12--Set Y/5 = v whence Y = 5v. (11)
13--Substituting (11) into (8)--->Z = 28u - 85v - 3v + 8 = 28u - 88v + 8. (12)
14--Substituting (11) and (12) into (6)--->X = 29 - 5v -56u + 176v -16 - (440v + 140u - 440v + 40 - 40)/140. (13)
15--Simplifying (13)--->X = 29 - 5v -56u + 176v - 16 - u = 13 + 171v - 57u. (13)

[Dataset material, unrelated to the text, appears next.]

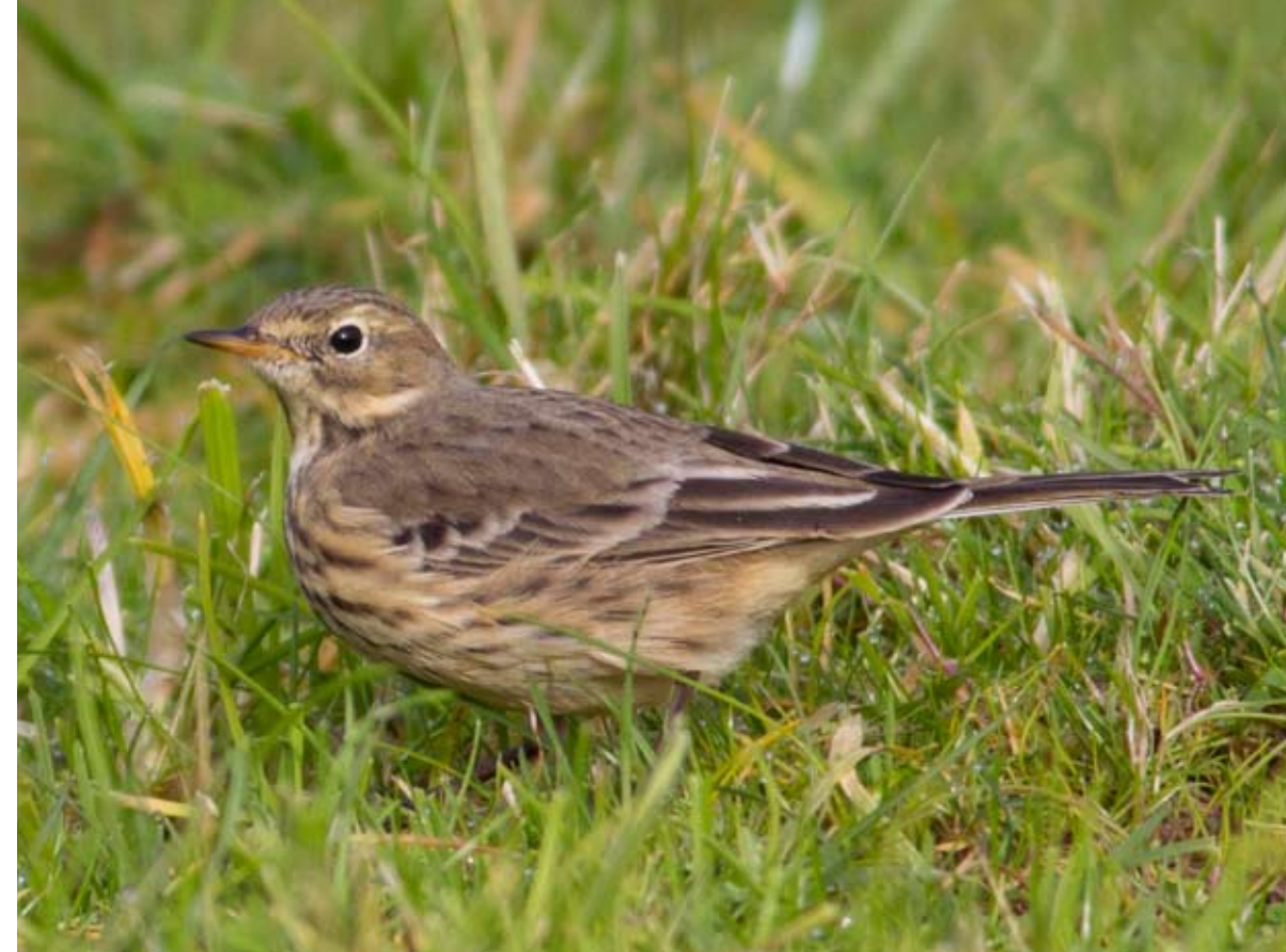
Myrpiplerke Anthus rubescens på Tjeldstø i Øygarden 11. oktober 2012. Første funn i Hordaland.

Delichon urbicum Årets første var 1 ind. Storavatnet, Be. 26.4 (Terje Hansen). Årets siste var 2 ind. Olsnesøy, Osterøy 9.10 (Øyvind Rulnes).

16--Substituting (11), (12), and (13) into (1)---> W + 13 + 171v - 57u + 5v + 28u - 88v + 8 = 100. (14)
17--Simplifying (14)---> W = 29u - 88v + 79. (14)
18--From (11) v =/> 1 and from (12) u =/> 3.
19--Trying v = 1 and u = 3, W = 78, X = 13, Y = 5, and Z = 4.
20--Checking--->78 + 13 + 5 + 4 = 100. Okay.
21--Checking--->78(.59) + 13(1.99) + 5(2.87) + 4(3.44) = 46.02 + 25.87 + 14.35 + 13.76 = 100. Okay.
22--Trying v = 2 and u = 3, X = 184 exceeding total of 100, therefore invalid.
23--Trying v = 1 and u = 4, X = negative number, therefore invalid.
24--All other values of u and v produce invalid results.